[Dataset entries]
- - -
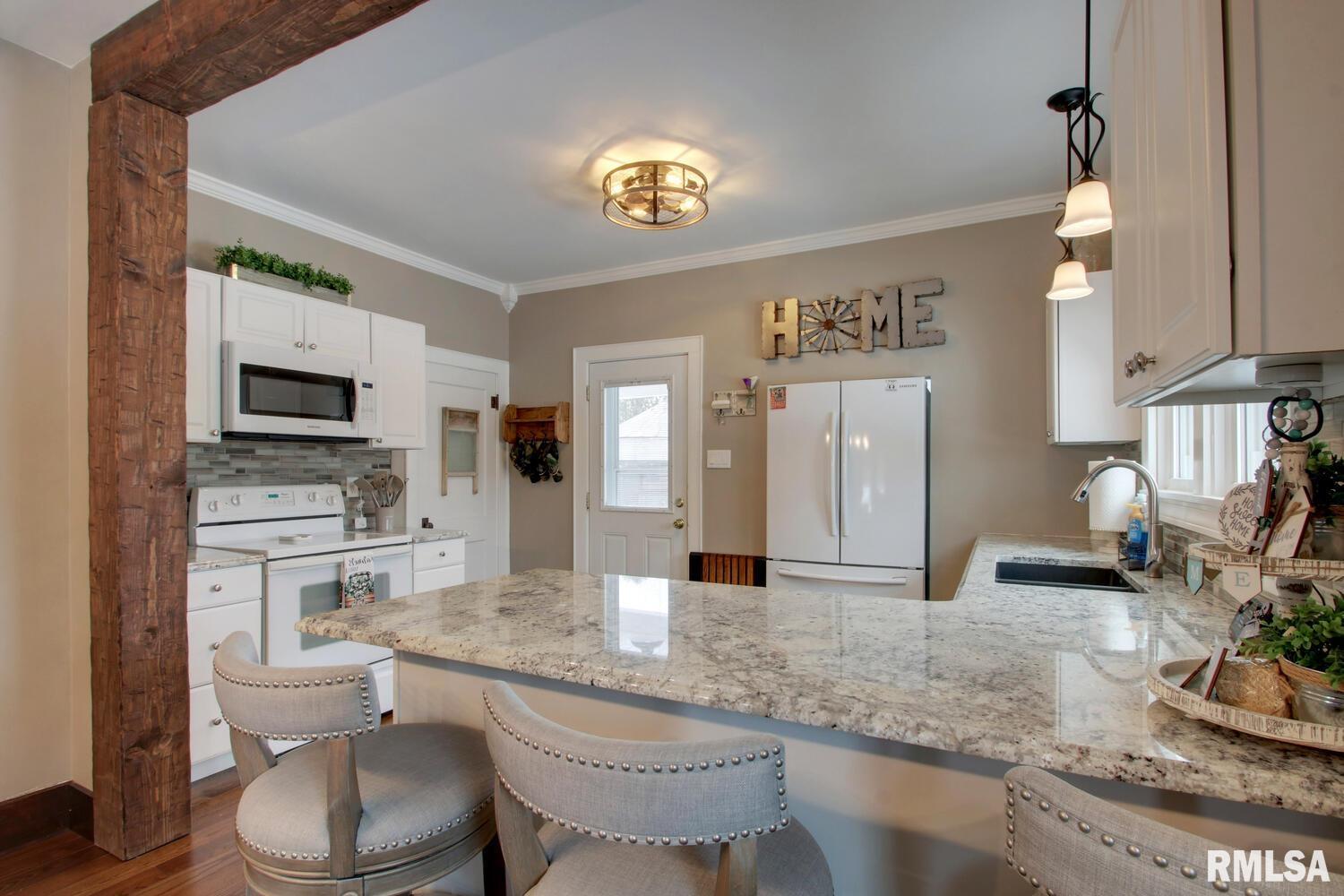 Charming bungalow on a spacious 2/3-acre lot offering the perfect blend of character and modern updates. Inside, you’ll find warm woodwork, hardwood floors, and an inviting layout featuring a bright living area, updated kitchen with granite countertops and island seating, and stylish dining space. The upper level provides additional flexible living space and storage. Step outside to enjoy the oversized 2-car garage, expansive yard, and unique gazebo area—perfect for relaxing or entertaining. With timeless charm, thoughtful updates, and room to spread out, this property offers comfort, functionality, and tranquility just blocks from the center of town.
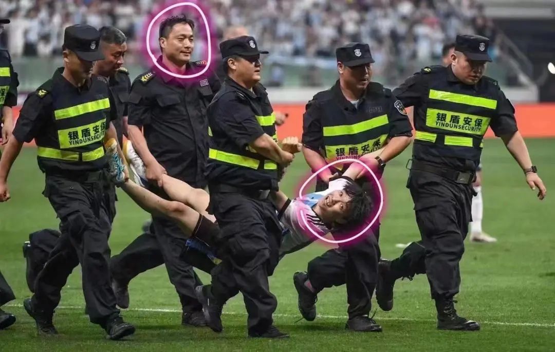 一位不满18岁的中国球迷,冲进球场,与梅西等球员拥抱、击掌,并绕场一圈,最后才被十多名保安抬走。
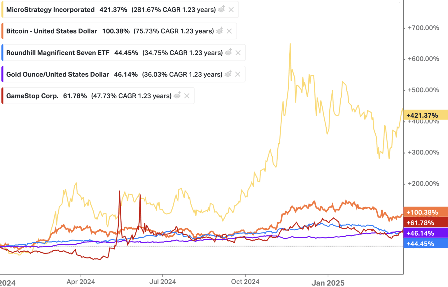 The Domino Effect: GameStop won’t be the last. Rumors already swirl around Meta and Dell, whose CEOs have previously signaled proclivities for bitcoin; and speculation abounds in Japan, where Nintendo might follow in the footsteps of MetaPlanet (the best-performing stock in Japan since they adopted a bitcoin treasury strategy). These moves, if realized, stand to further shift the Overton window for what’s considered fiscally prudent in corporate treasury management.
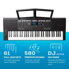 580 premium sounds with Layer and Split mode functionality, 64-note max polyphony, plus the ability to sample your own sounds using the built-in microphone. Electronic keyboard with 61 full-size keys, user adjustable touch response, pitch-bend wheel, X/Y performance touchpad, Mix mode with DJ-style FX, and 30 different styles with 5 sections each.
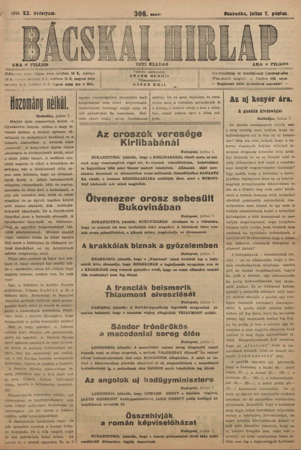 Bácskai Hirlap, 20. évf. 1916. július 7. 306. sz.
- - -
### What this task involves
With all pictures removed, reproduce the lines from the top of the entries above through the line containing "一位不满18岁的中国球迷,冲", exactly as written.

### Finished exercise
 Charming bungalow on a spacious 2/3-acre lot offering the perfect blend of character and modern updates. Inside, you’ll find warm woodwork, hardwood floors, and an inviting layout featuring a bright living area, updated kitchen with granite countertops and island seating, and stylish dining space. The upper level provides additional flexible living space and storage. Step outside to enjoy the oversized 2-car garage, expansive yard, and unique gazebo area—perfect for relaxing or entertaining. With timeless charm, thoughtful updates, and room to spread out, this property offers comfort, functionality, and tranquility just blocks from the center of town.
 一位不满18岁的中国球迷,冲进球场,与梅西等球员拥抱、击掌,并绕场一圈,最后才被十多名保安抬走。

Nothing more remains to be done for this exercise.